*RECORDED INFORMATION*.
====

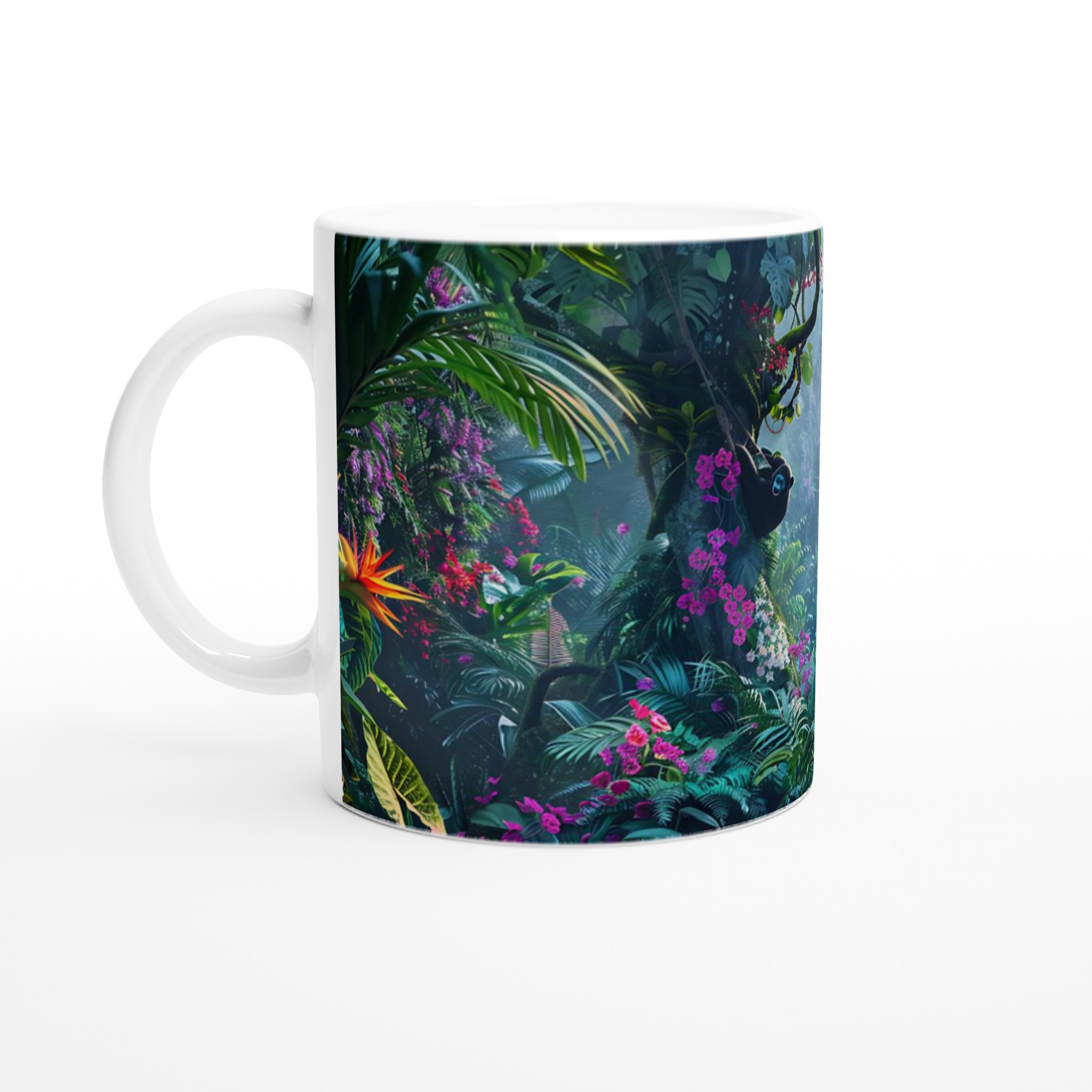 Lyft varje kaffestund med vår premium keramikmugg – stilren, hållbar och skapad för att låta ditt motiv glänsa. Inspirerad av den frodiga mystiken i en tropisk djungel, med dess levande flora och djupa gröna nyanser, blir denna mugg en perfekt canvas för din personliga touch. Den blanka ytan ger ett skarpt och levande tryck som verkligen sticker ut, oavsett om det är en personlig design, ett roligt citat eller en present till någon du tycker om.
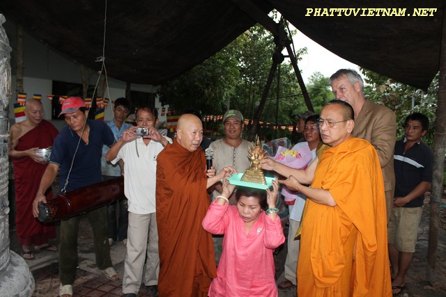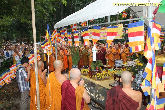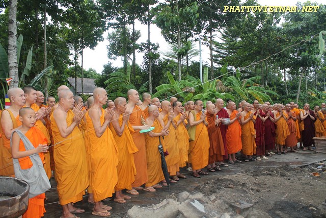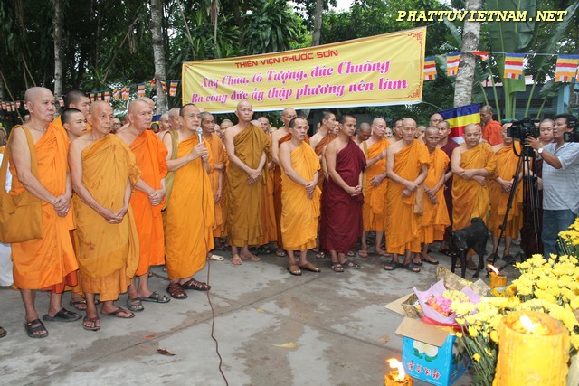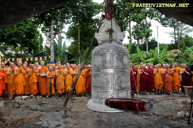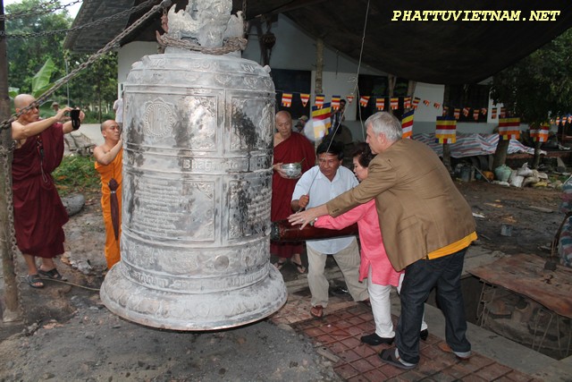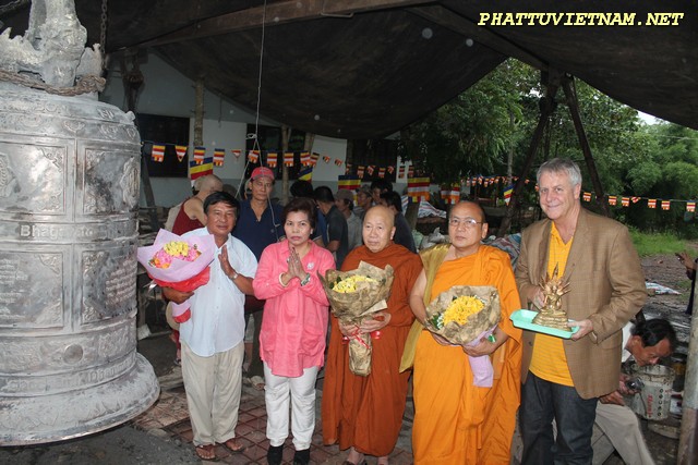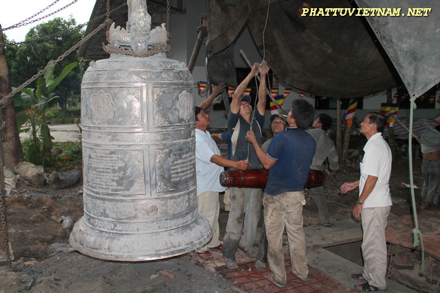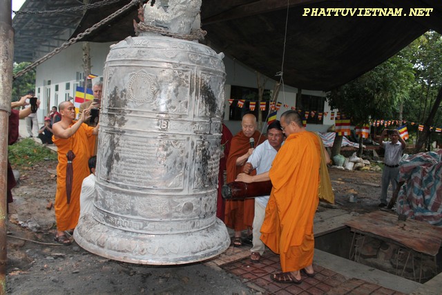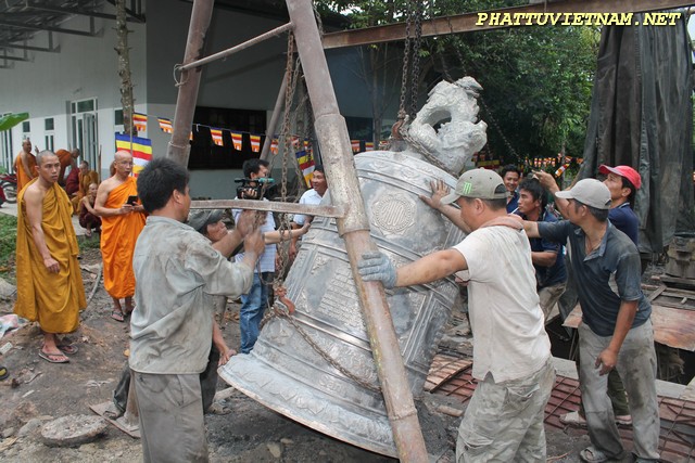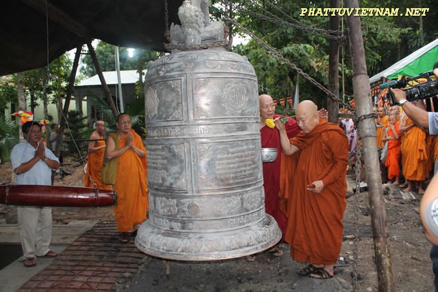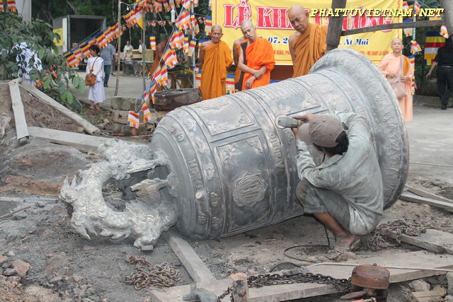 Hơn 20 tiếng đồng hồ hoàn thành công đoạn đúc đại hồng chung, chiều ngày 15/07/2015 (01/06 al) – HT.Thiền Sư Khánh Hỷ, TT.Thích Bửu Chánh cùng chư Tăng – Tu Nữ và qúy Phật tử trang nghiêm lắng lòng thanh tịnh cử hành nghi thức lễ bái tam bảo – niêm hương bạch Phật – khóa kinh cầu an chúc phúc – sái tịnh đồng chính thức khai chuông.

====

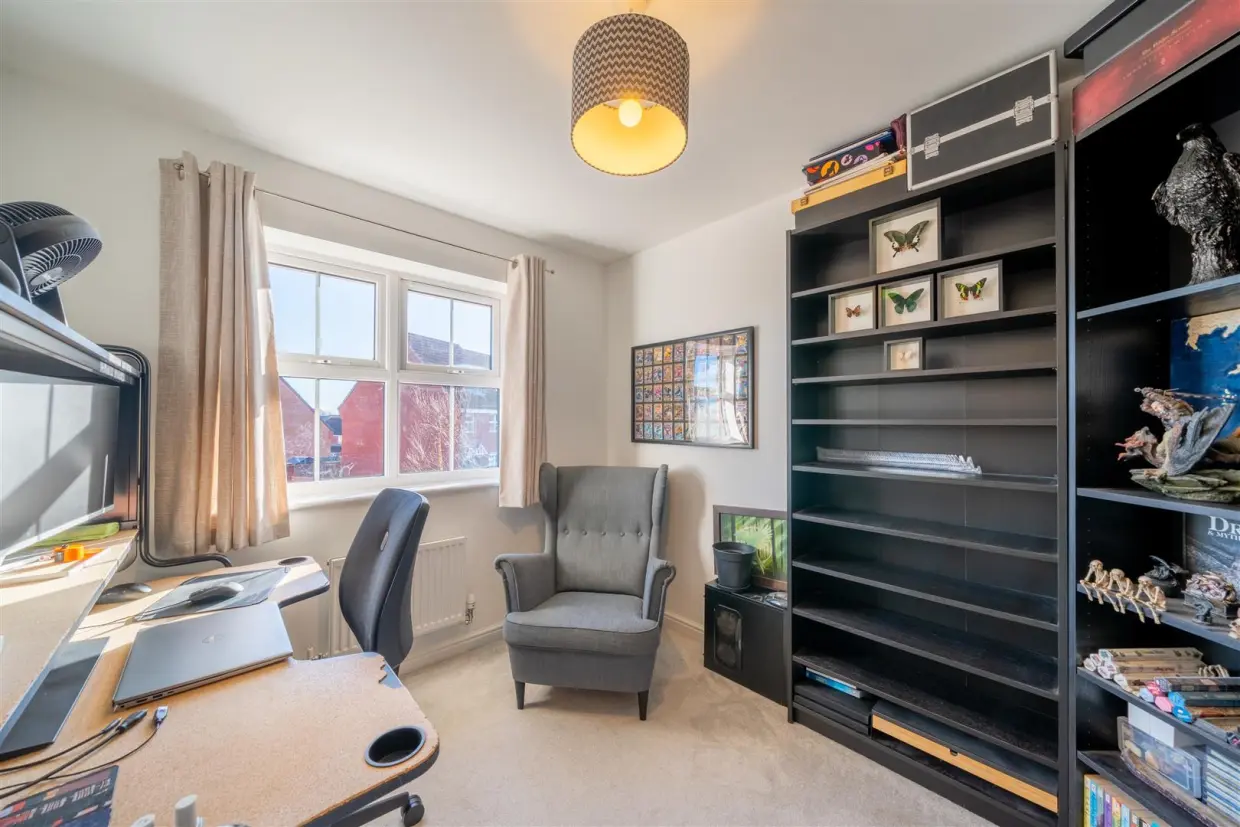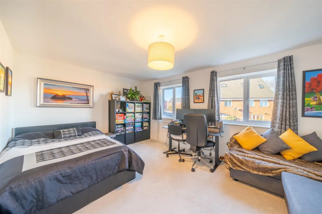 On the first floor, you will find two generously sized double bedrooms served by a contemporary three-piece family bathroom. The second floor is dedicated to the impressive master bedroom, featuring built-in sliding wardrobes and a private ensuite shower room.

====

Look back at the data above, then output exactly the lines from the line holding "Lyft varje kaffestund" up to and including the line holding "Hơn 20 tiếng". Leave out the pictures.

 Lyft varje kaffestund med vår premium keramikmugg – stilren, hållbar och skapad för att låta ditt motiv glänsa. Inspirerad av den frodiga mystiken i en tropisk djungel, med dess levande flora och djupa gröna nyanser, blir denna mugg en perfekt canvas för din personliga touch. Den blanka ytan ger ett skarpt och levande tryck som verkligen sticker ut, oavsett om det är en personlig design, ett roligt citat eller en present till någon du tycker om.
 Hơn 20 tiếng đồng hồ hoàn thành công đoạn đúc đại hồng chung, chiều ngày 15/07/2015 (01/06 al) – HT.Thiền Sư Khánh Hỷ, TT.Thích Bửu Chánh cùng chư Tăng – Tu Nữ và qúy Phật tử trang nghiêm lắng lòng thanh tịnh cử hành nghi thức lễ bái tam bảo – niêm hương bạch Phật – khóa kinh cầu an chúc phúc – sái tịnh đồng chính thức khai chuông.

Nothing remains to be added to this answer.